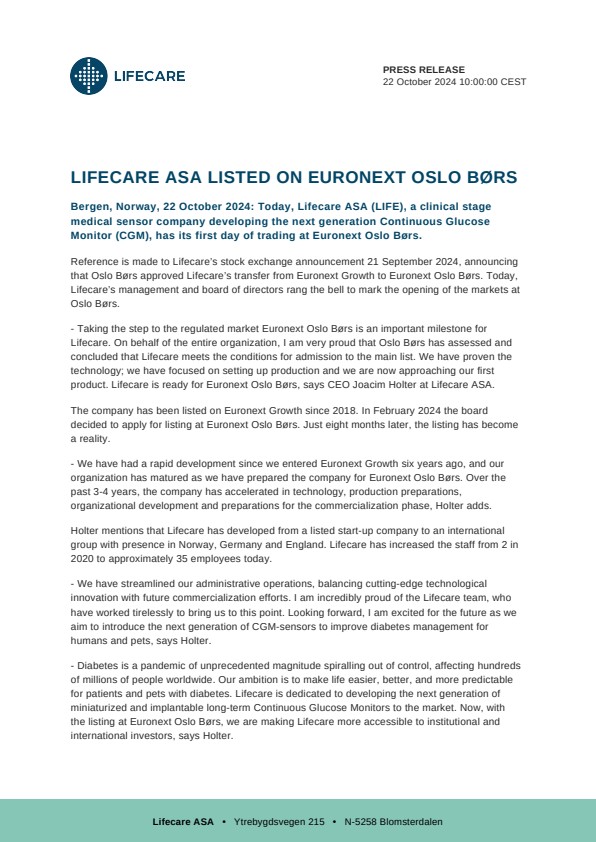 Bergen, Norway, 22 October 2024: Today, Lifecare ASA (LIFE), a clinical stage medical sensor company developing the next generation Continuous Glucose Monitor (CGM), has its first day of trading at Euronext Oslo Børs.
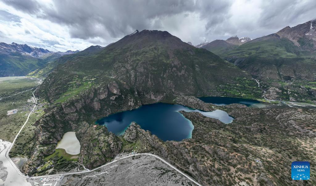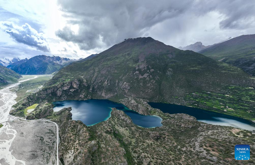 An aerial drone photo taken on July 20, 2025 shows the "three-color lake" in Banbar County, Qamdo, southwest China's Xizang Autonomous Region. The "three-color lake," covering an area of about 150,000 square meters, comprises three hill-separated ponds which display three distinct colors due to their varying depths and sediments. (Xinhua/Jigme Dorje)
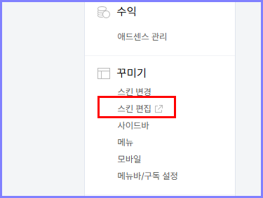 우선 블로그 관리홈으로 들어가서 꾸미기에서 스킨편집을 클릭을 합니다.
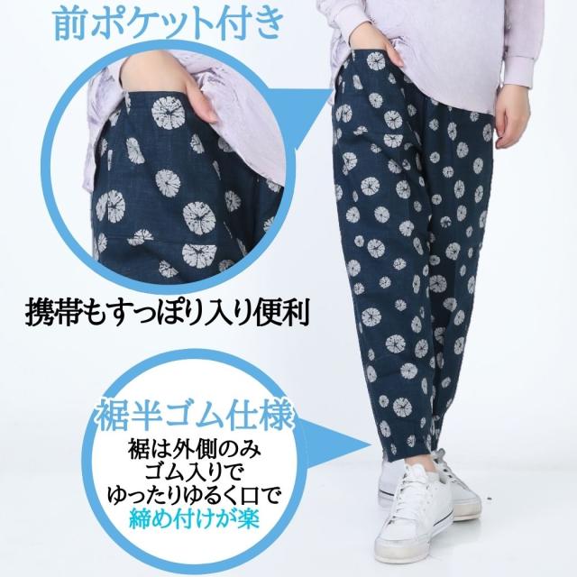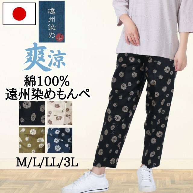 シニアファッション パンツ レディース ズボン 日本製 夏 おばあちゃん 遠州染め和柄もんぺ 遠州染め 日本製 80代 70代 もんぺ サルエルパンツ イージーパンツ 敬老の日 伝統工芸品 セット商品
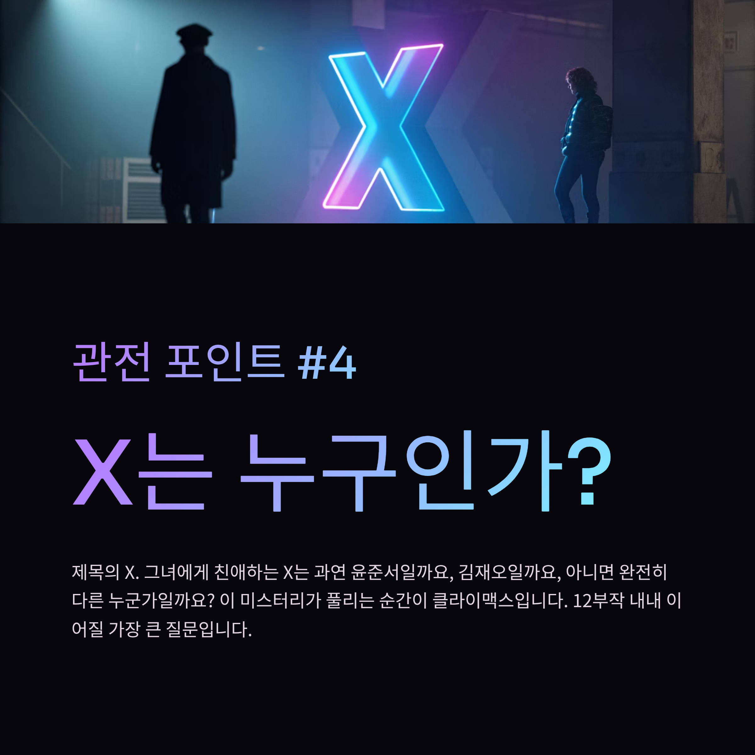 제목의 X. 그녀에게 친애하는 X는 과연 윤준서일까요, 김재오일까요, 아니면 완전히 다른 누군가일까요? 이 미스터리가 풀리는 순간이 클라이맥스입니다.
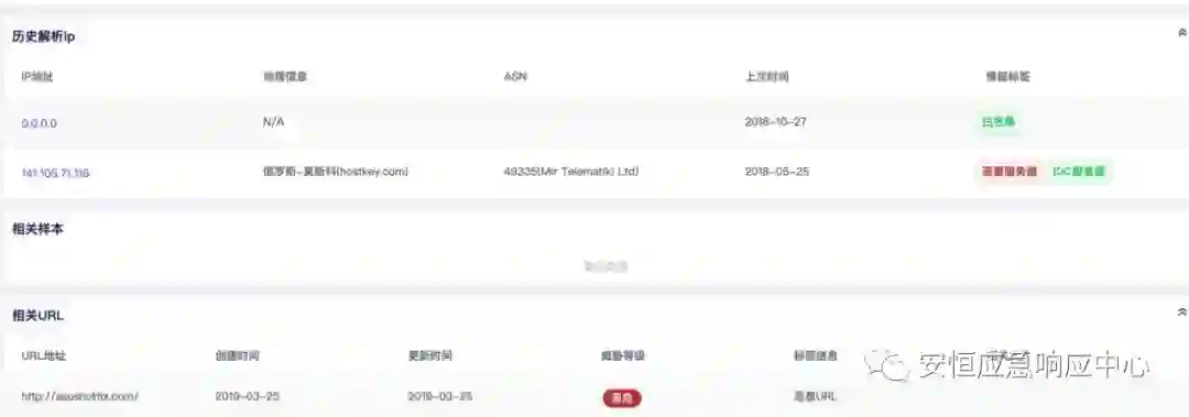 通过文件威胁分析平台的域名查询功能发现,该域名已经在2018年10月就修改了域名解析。
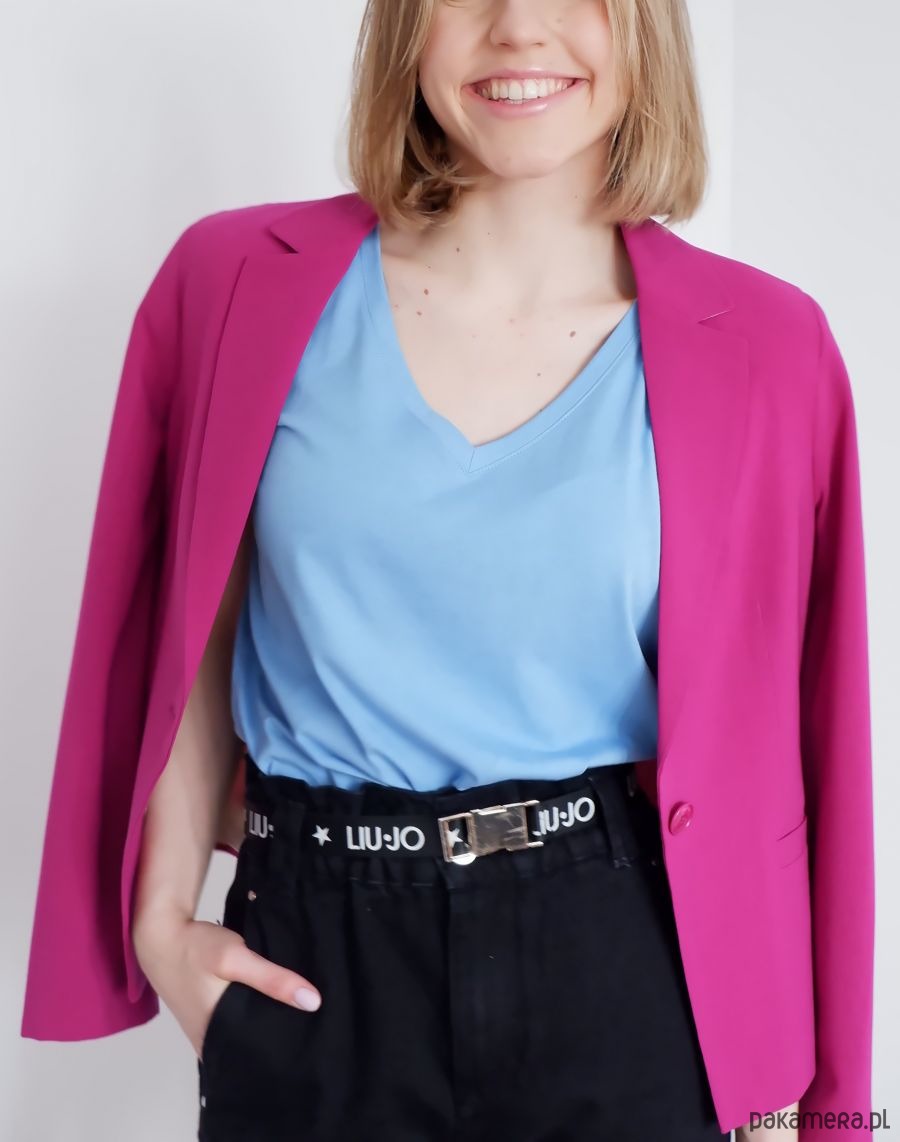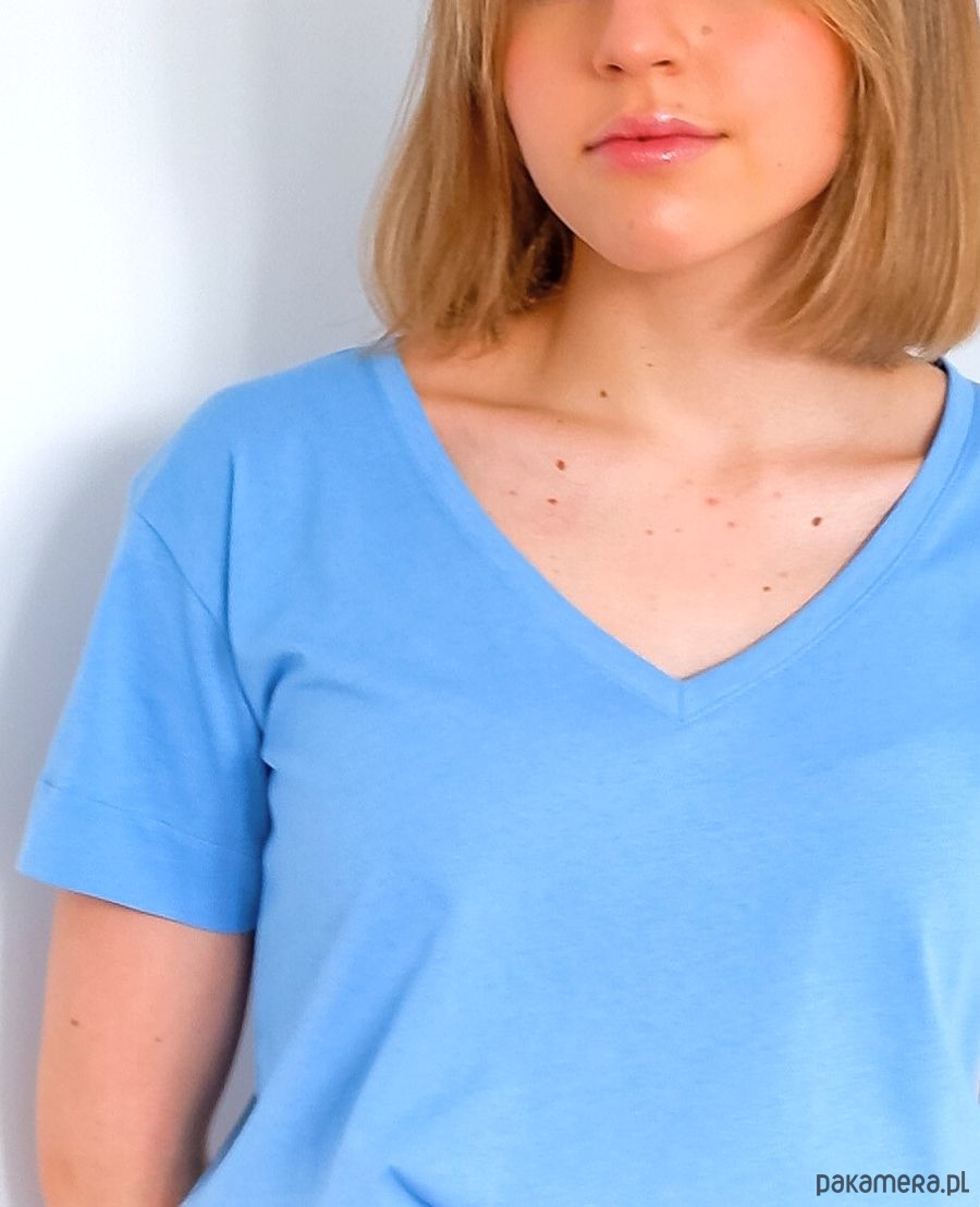 T-shirt MAAM z głębszym dekoltem V w kolorze jasno- niebieskim. Model jest lekko oversized, ale delikatnie dopasowuje się do ciała. Linia ramion jest lekko opadająca. Rękaw z głębszym podłożeniem dzięki czemu możesz go nosić również podwinięty jak mankiet.
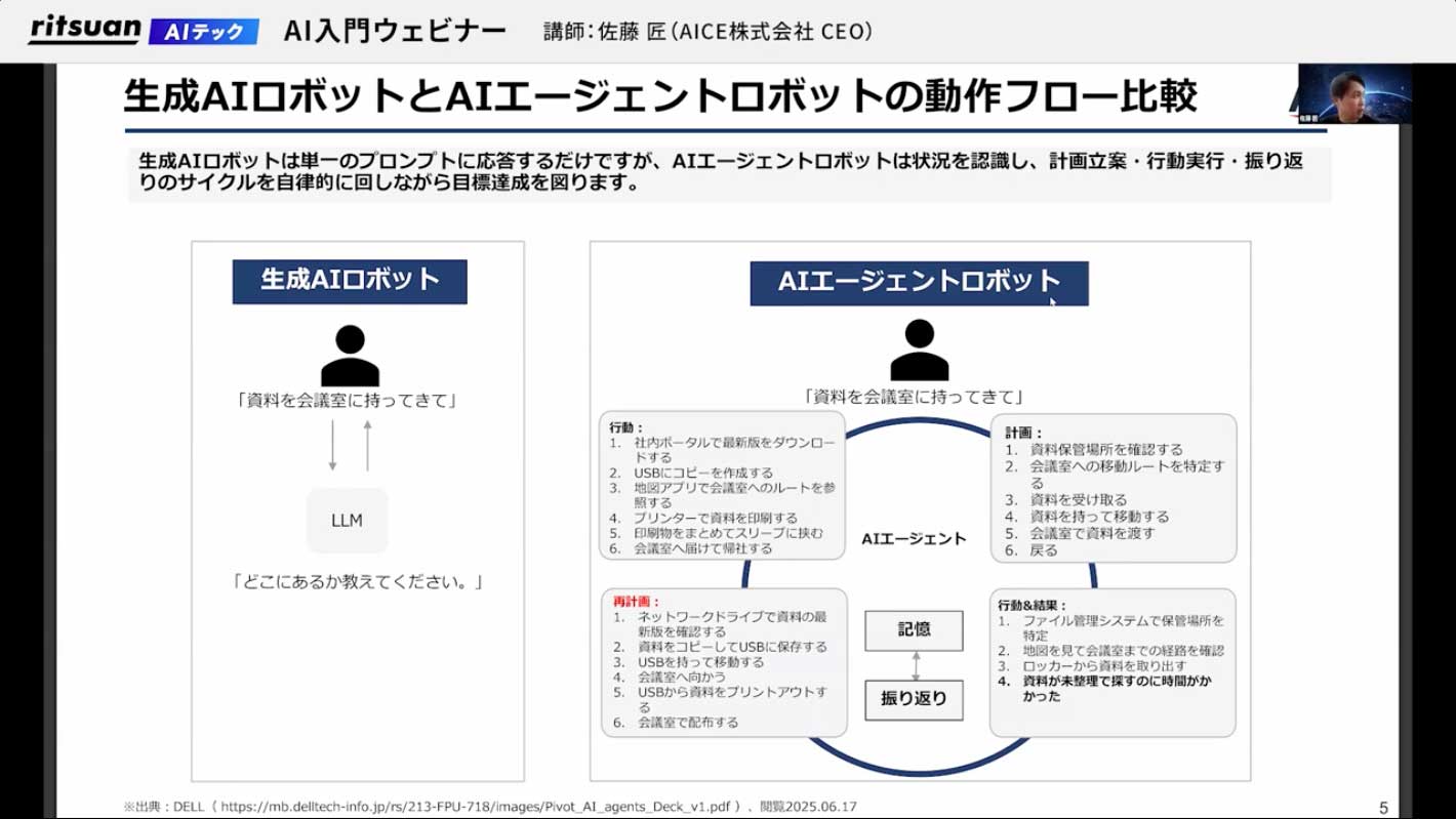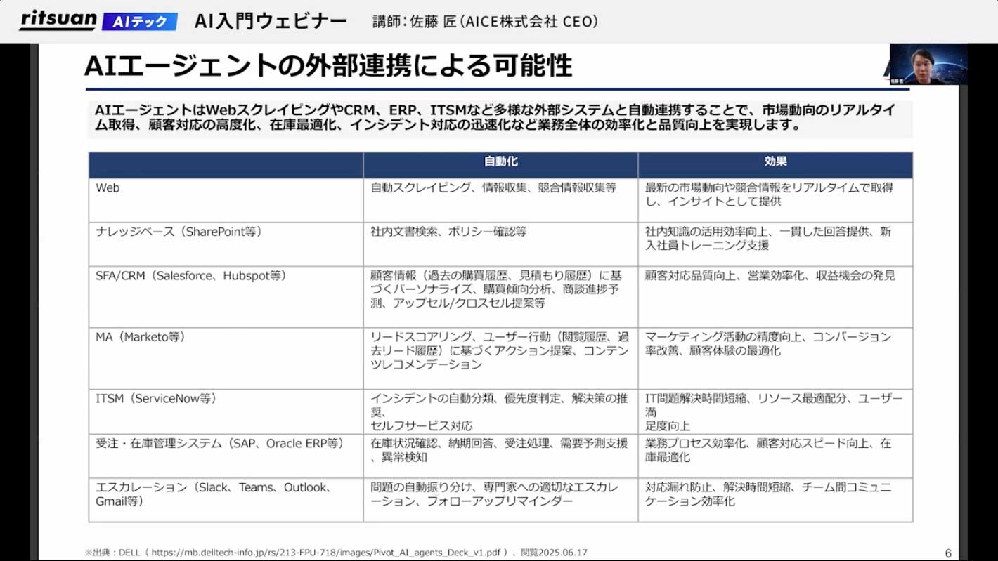 本日は初級編という形で、AIエージェントがどういう仕組みになっているのかに簡単に触れさせていただいた後、実際にAIを活用している企業がどのようなサービスをどのように使っているのかを解説します。このウェビナーに参加していただいた方が、「明日からこれを使ってみよう」と思えるような内容をメインにお話しさせていただければと思いますので、よろしくお願いいたします。

* Task objective
Taking the records above, print only and exactly the lines from the line with "제목의 X. 그녀에게" to the line with "通过文件威胁分析平台的域名查", both kept, and exclude pictures.

* Result
 제목의 X. 그녀에게 친애하는 X는 과연 윤준서일까요, 김재오일까요, 아니면 완전히 다른 누군가일까요? 이 미스터리가 풀리는 순간이 클라이맥스입니다.
 通过文件威胁分析平台的域名查询功能发现,该域名已经在2018年10月就修改了域名解析。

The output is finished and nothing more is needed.